Marzyłam o tym festiwalu od jakiegoś czasu. Szkocja, Edynburg, Szkoci 😉 Udało mi się załapać na jego ostatnie 4 dni i poczuć festiwalową atmosferę.

Choć to jedna z najstarszych tego typu imprez na świecie, jest to festiwal raczej kameralny. Próżno szukać tu wielkich międzynarodowych premier, za to na pewno można zapoznać się na nim z najświeższym kinem z Wysp. Dlatego też najważniejszą nagrodą jest tu ta imienia Michaela Powella – za najlepszy brytyjski film.

 Derek Malcolm, Samira Makhmalbaf i Kevin McKidd – jury nagrody Michaela Powella 2013

W tym roku werdykt był sporym zaskoczeniem, wygrał bowiem dość eksperymentalny film dokumentalny „Leviathan”, opowiadający o życiu oceanu i ludzi na nim pracujących. 


FESTIWAL
Główne centrum festiwalowe mieści się w Filmhousie, nieopodal słynnego edynburskiego Zamku. Można tam kupić bilety na festiwal i inne gadżety, coś zjeść, poczekać na swój film, porozmawiać z innymi festiwalowiczami, podłączyć się do darmowego Wi-Fi. Oprócz tego obiektu filmy puszczane są również w pobliskim multipleksie.

MIASTO

Edynburg jest najbardziej uroczym miastem w jakim miałam okazję być. Niemalże pozbawiony nowoczesnego budownictwa – jakby czas zatrzymał się tam 400 lat temu, a jednocześnie kipiący życiem, zwłaszcza tym kulturalnym. Jeśli kiedykolwiek będziecie mieć okazję odwiedzić to miasto – nie wahajcie się ani minuty!

FILMY

Na festiwalu obejrzałam 3 filmy. Zdecydowałam się wybierać raczej miejscowe produkcje. Nawet „sens niespodzianka” okazał się być brytyjski – pisałam o nim TU

„Blackbird”, UK 2013 

Ruadhan – młody śpiewak ludowych ballad, z niepokojem obserwuje jak tradycyjne życie w jego małej szkockiej wiosce nieubłaganie ulega erozji. Z  umierającymi rybami w oceanie i bez miejsc pracy na lądzie, młodzi ludzie uciekają do dużych miast. Tymczasem starzy ludzie z wioski, z którymi chłopak czuje się najbliżej związany i których tradycje chce zachować, umierają. Bogaty, delikatny i mocny film z doskonałymi zdjęciami i ścieżką muzyczną pełną tradycyjnego ludowego śpiewu.

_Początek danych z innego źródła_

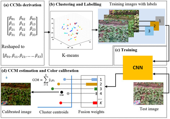 We proposed to combine the k-means algorithm and deep learning to calibrate the color of our images. Specifically, our proposed framework includes four main steps, as described in Figure 1: (a) the color calibration matrix of each image was firstly computed (ground truth, it should be noted that the manually derived CCM is a ground truth to the final CCM estimated using CNN. The reader should not confuse between this ground truth and standard color values supplied by the X-Rite company.); (b) the training images were categorized based on the color calibration matrix allocated to each image sample; (c) a labeled image dataset was then used to train and validate self-designed deep CNN, and the system was trained to assign scores to a given image to belong to each CCM cluster with some degree of membership; and (d) the CCM of a testing image was calculated by combining the outputs of our deep learning CNN and cluster centroids of the k-means algorithm.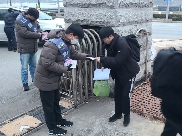 | 김천상무프로축구단이 11월 16일 오전 7시부터 관내 수능 고사장에서 2024학년도 대학수학능력시험을 치르는 수험생 응원 행사를 진행했다. 수능 응원에는 김천상무 전 직원이 참여해 핫팩을 전달했다. 김천시 내 수능고사장인 김천고, 김천중앙고, 김천여고, 한일여고 앞에서 사무국 직원들은 수험생들에게 핫팩과 함께 따뜻한 응원의 말을 건넸다.

Piękny film. Mocno szkocki i monotematyczny, ale będący bardziej poezją niż typowym dziełem kinematografii. Pełen niesamowitych krajobrazów, opowiadający o świecie, który powoli odchodzi w zapomnienie i człowieku, który desperacko walczy o jego zachowanie. Można się w tych obrazach i piosenkach zakochać. Za ich naturalność i nieskażenie. Odkrywanie swojego dziedzictwa może być niesamowitą przygodą.

„Everyone’s going to die” UK 2013

Z opisu zapowiadał się bardzo interesująco:

Dwie dryfujące po świecie dusze spotykają się przypadkiem w restauracji: Rob, mężczyzna z kryminalną przeszłością i Melanie, Niemka w obcym kraju, z beznadziejną pracą i niesympatycznym chłopakiem u boku. Związek tych dwojga wydaje się być nierealny, a jednak okazuje się być zabawny, ciepły a momentami nawet romantyczny.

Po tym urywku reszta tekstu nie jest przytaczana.